Der Turm hat eine Gesamthöhe von 368 m und ist damit das höchste Gebäude Deutschlands sowie der vierthöchste Fernsehturm Europas. In der Kugel befindet sich in 203 m Höhe das Telecafé, ein Drehrestaurant für 200 Gäste. 

Die Fahrstühle erreichen die Aussichtsfläche in der Kugel innerhalb von 40 Sekunden. Unterhalb der Kugel sind zwei nach oben offene Rettungsgalerien rund um den Schaft angebracht und mit dem Treppenhaus verbunden. Sie sind für exakt die Personenzahl ausgelegt, die sich in der Kugel aufhalten dürfen. 

Durch geschicktes Verhandeln erreicht unsere 'Uli mit Hut', dass wir auch ohne die entsprechende Eintrittskarte von der Aussichtsfläche hinauf in das Café und dort an einem freien Tisch für eine Tasse Kaffee Platz nehmen und die Aussicht genießen dürfen. 

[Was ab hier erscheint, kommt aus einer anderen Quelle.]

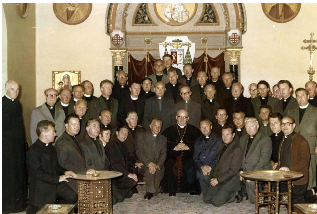
Uczestnicy pielgrzymki do Ziemi Świętej.

21 i 22 października – ks. Proboszcz dzielił się wspomnieniami oraz wyświetlał przeżycia z Pielgrzymki do Ziemi Świętej.

Von oben sehen wir das Nikolai-Viertel, noch zu DDR-Zeiten historisierend um die alte Nikolai-Kirche herum neu aufgebaut, und das Rote Rathaus. Der Name ergab sich aus den roten Klinkerfassaden und erhielt später für die Berliner eine doppelte Bedeutung durch die Tatsache, dass dort der Ostberliner Magistrat eine kommunistisch orientierte Regierung ausübte. Heute regiert dort ein rot-rot-grüner Senat unter dem Regierenden Bürgermeister Müller/SPD – erneut viel rote Farbe.

Und wieder haben wir Glück mit dem Wetter: der Horizont ist zwar etwas diesig, aber am Vortag war der gesamte Turm in Regen und Nebel gehüllt, so dass wir garnichts gesehen hätten. 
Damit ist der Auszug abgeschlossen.